High-resolution digital imaging sensors are becoming more widespread. In addition, high-spatial-resolution videos can also be stitched from views from multiple cameras, as implemented by Hewlett-Packard in their video conferencing product Halo [1]. However, challenges in delivering this high-resolution content to the client are posed by the limited resolution of display panels and/or limited bit-rate for communications. Suppose that a client limited by one of these factors requests the server to stream a high-spatial-resolution video. One approach would be to stream a spatially downsampled version of the entire video scene to suit the client's display window resolution or bit-rate. However, with this approach, the user might not be able to watch a local region-of-interest (ROI) in the highest captured resolution. We propose a video delivery system which enables virtual pan/tilt/zoom functionality during the streaming session such that the server can adapt and stream only those regions of the video that are desired at that time at the client's end. The nature of the system requires a video coding scheme that allows for sufficient random access to arbitrary ROIs while keeping the transmission rate as low as possible. We have proposed such a video coding scheme in [2]. Additionally, we have also developed a user interface which allows the user to select the ROI while watching the video. As shown in the figure below, the display screen at the client's side consists of two areas:
The zoom factor can be controlled with the scroll of the mouse. For any zoom factor, the ROI can be shifted by holding down the left mouse-button and moving the mouse. As shown in the figure below, the location of the ROI is depicted in the thumbnail/overview display area by overlaying a corresponding rectangle on the video. The color and size of the rectangle vary according to the zoom factor.


User Interface


We are currently designing the system such that it works over practical packet-switched networks like the Internet. Our research involves various optimizations of the coding scheme along with algorithms for packet scheduling and pre-fetching data [3] from the server to ensure good quality of the delivered video along with low latency of interaction.

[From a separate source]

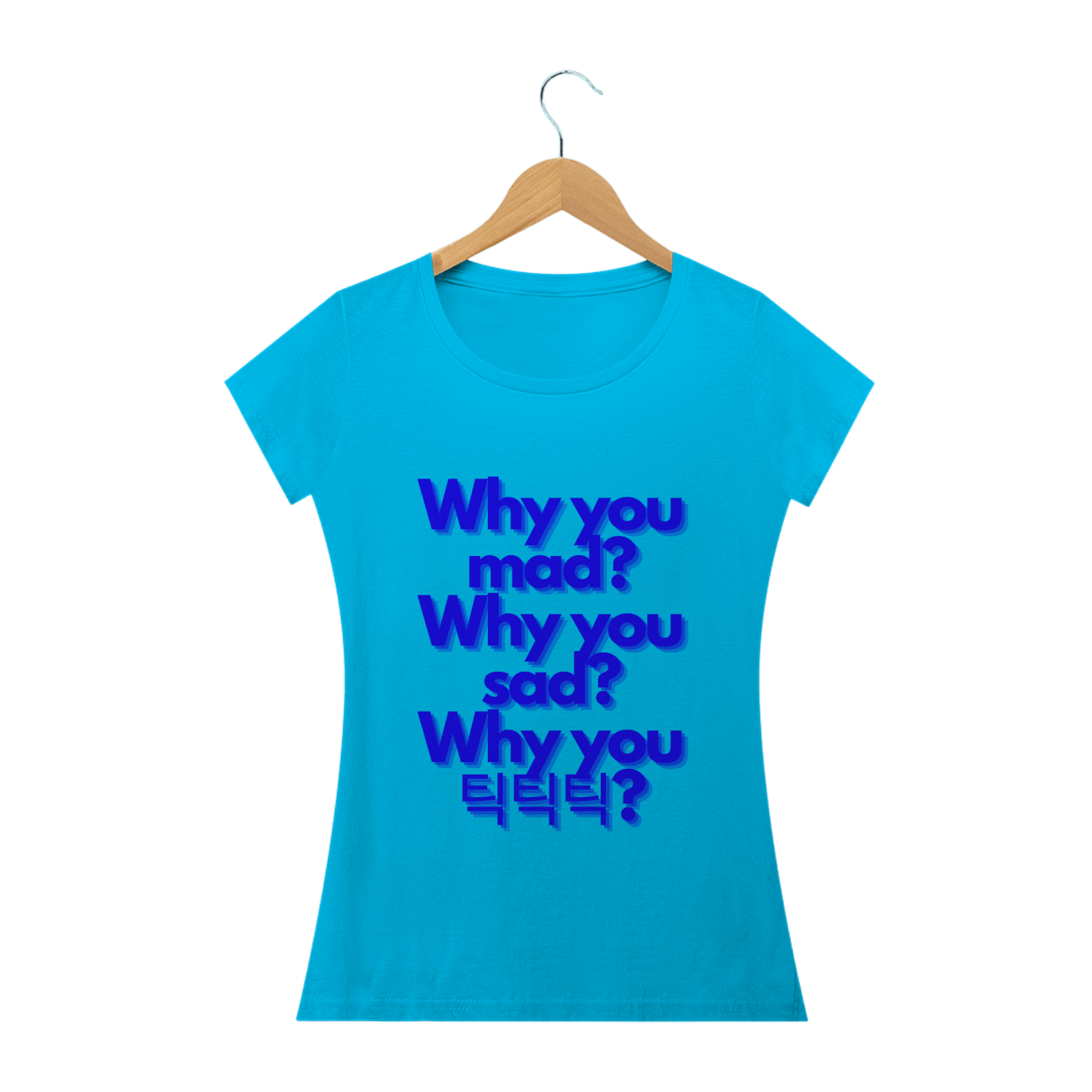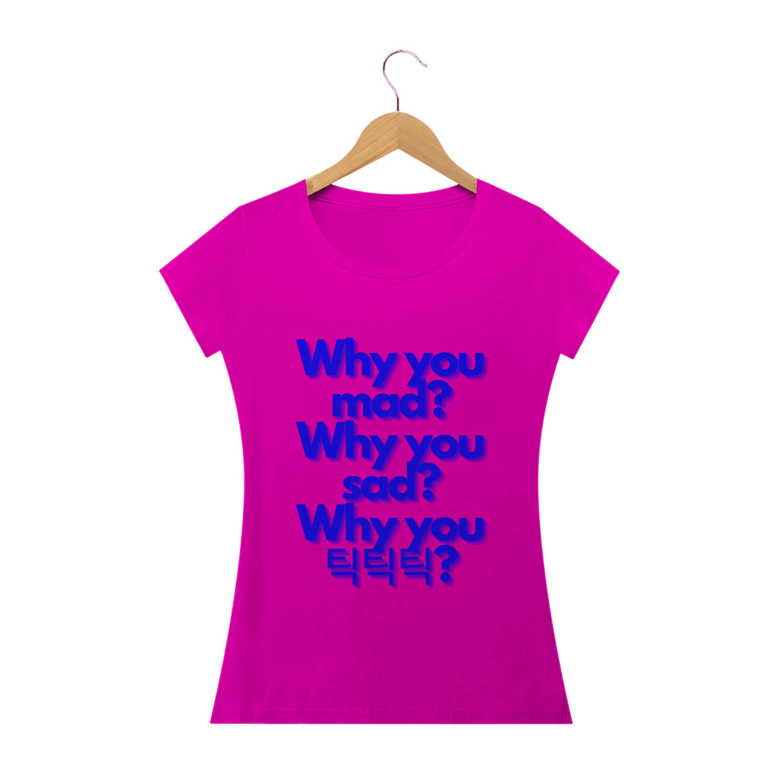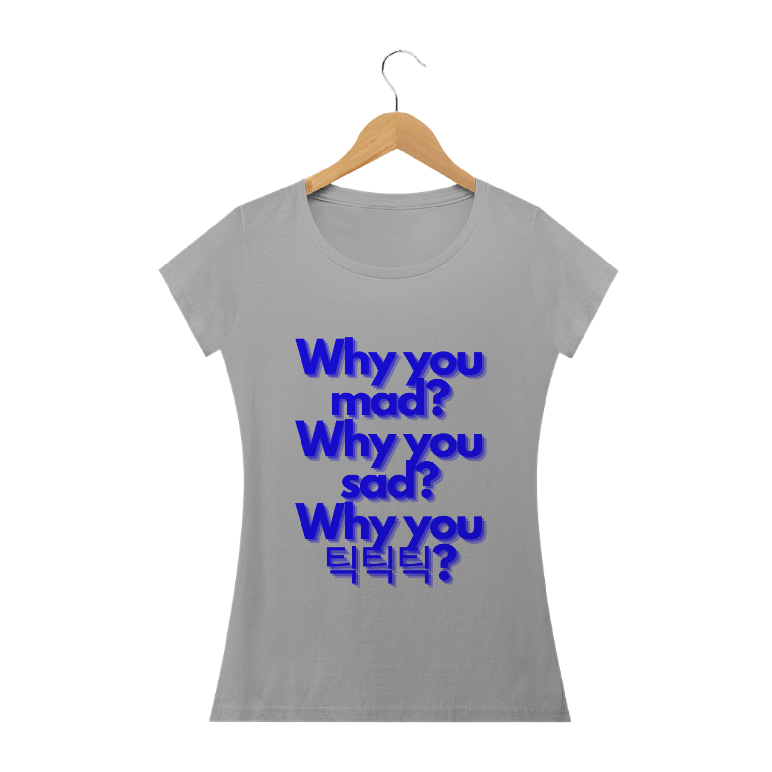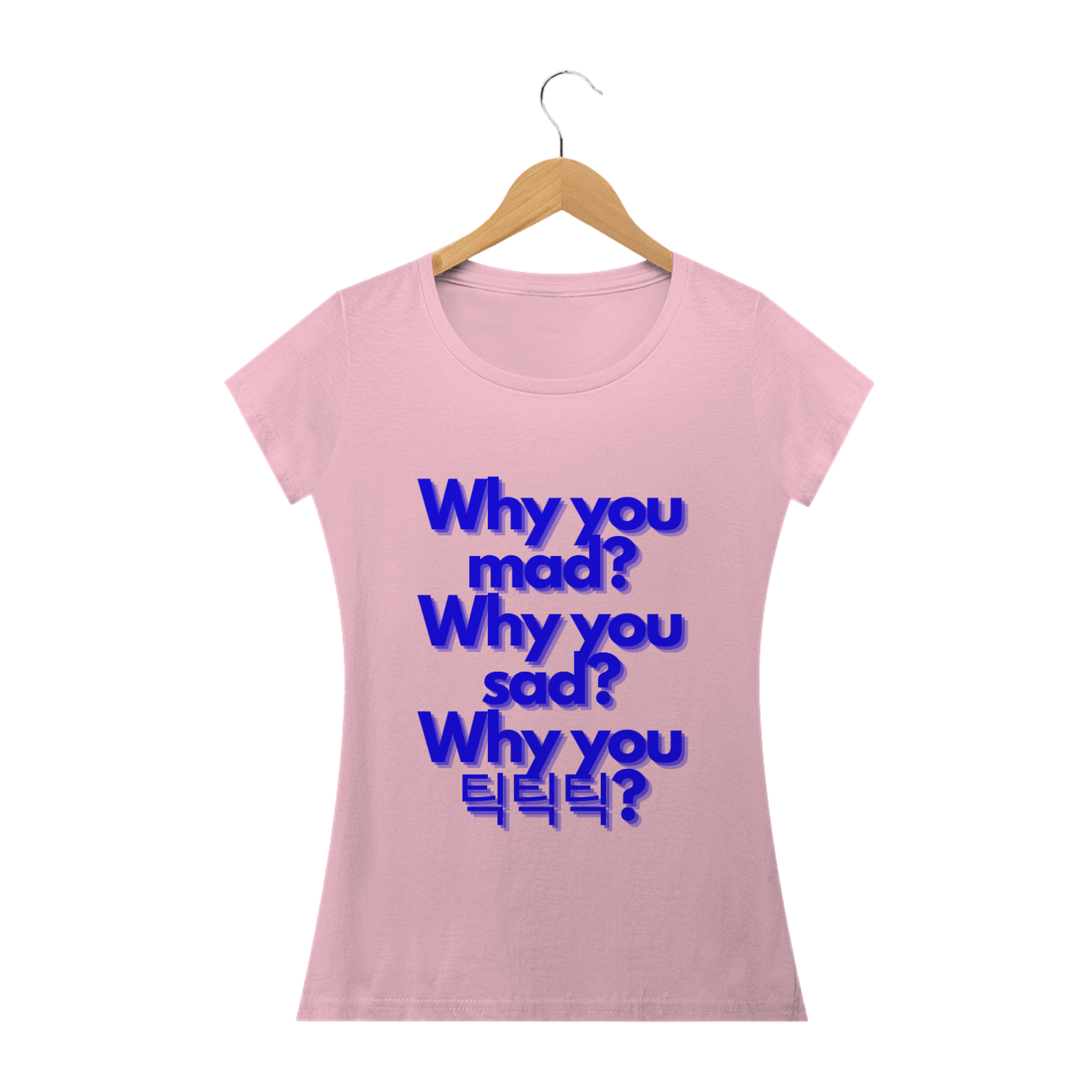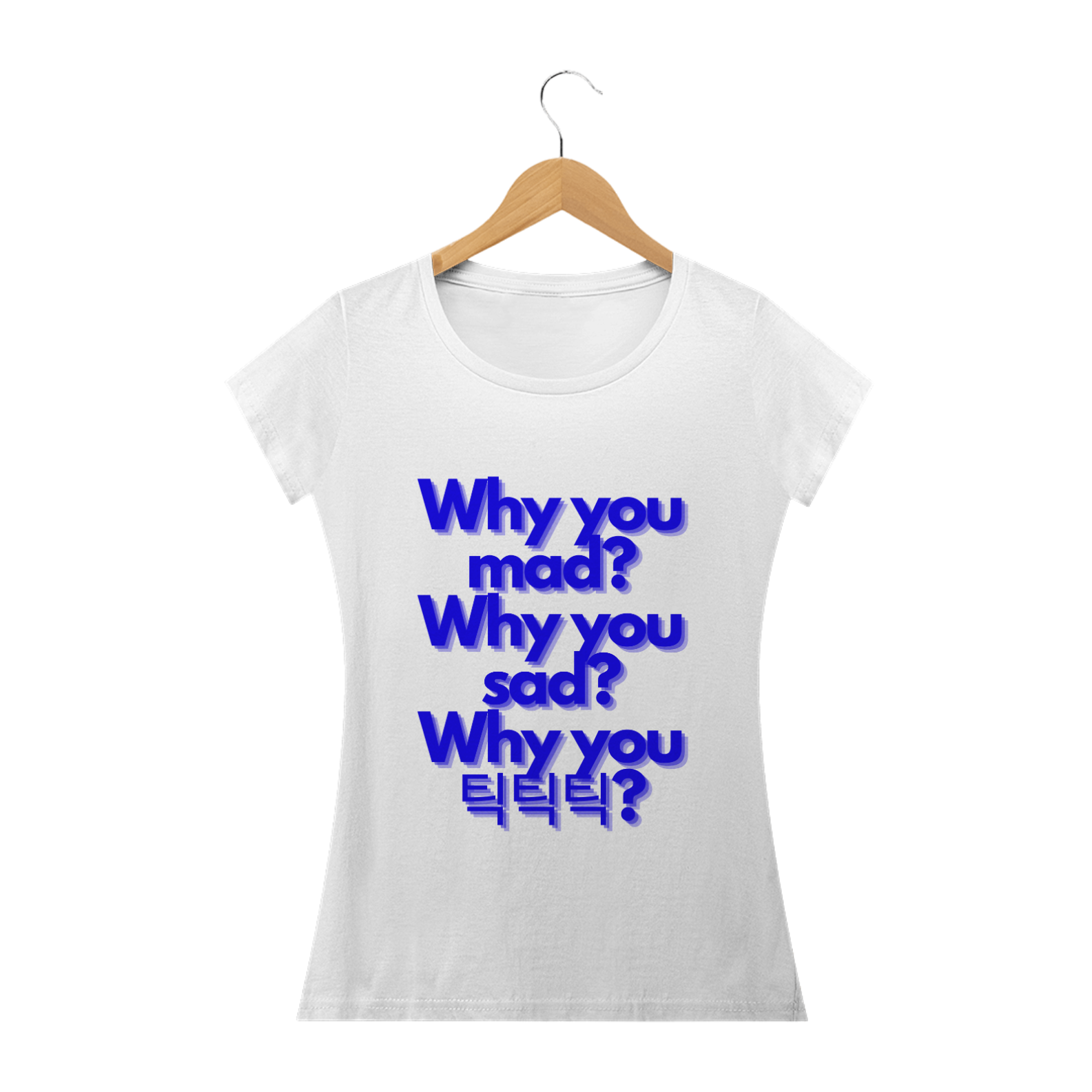 Para as fãs que preferem um visual mais ajustado e feminino, esta camiseta babylook é ideal. Ela exibe a frase "Why you mad? Why you sad? Why you 틱틱틱?" de forma delicada e elegante, oferecendo um toque de estilo feminino à sua paixão pela música. Confortável e cheia de personalidade, esta camiseta é perfeita para qualquer ocasião.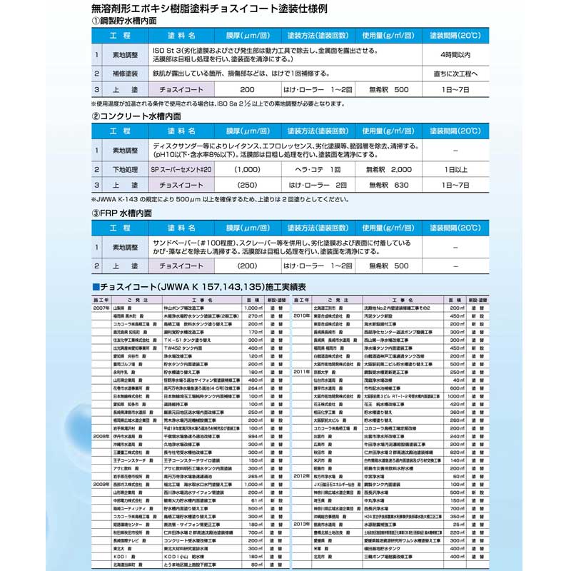 4.鋼製、FRP製、コンクリート製の各種水槽の内面塗装に最適です。

We have recently proposed [4,5] to exploit overlaps in ROIs within a peer population to employ application-layer multicasting for an efficient and scalable delivery-mechanism. Notable challenges include adapting the overlay topology on-the-fly to account for changing ROIs, stringent latency constraint due to the interactive nature of the system, and limited bandwidth at the server hosting the IROI video session.

Demos:


[a] Aditya Mavlankar recently built a demonstrator at Deutsche Telekom Research Laboratories in Berlin, Germany. The demonstrator shows interactive viewing of a soccer game. The view of the entire soccer playfield was obtained by stitching views from multiple cameras. The ROI can be chosen to conveniently focus on a part of the playfield. Also provided is an automatic mode in which the system can track the ball and choose the ROI. The automatic mode relieves navigation burden although the user can change the zoom factor. Download video of demo.

[b] Head-tracking for finer selection of ROI in automatic mode: A camera placed under the TV screen can track the user's head. The user can shift the ROI to the right or to the left in the automatic mode described in [a] above by moving his/her head. Download video of demo.

References:


[1] Halo: Video Conferencing Product by Hewlett-Packard

[2] Aditya Mavlankar, Pierpaolo Baccichet, David Varodayan, and Bernd Girod, "Optimal Slice Size for Streaming Regions of High Resolution Video with Virtual Pan/Tilt/Zoom Functionality," Proc. of 15th European Signal Processing Conference (EUSIPCO), Poznan, Poland, Sept. 2007 ([paper], [presentation]) (Best Student Paper Award)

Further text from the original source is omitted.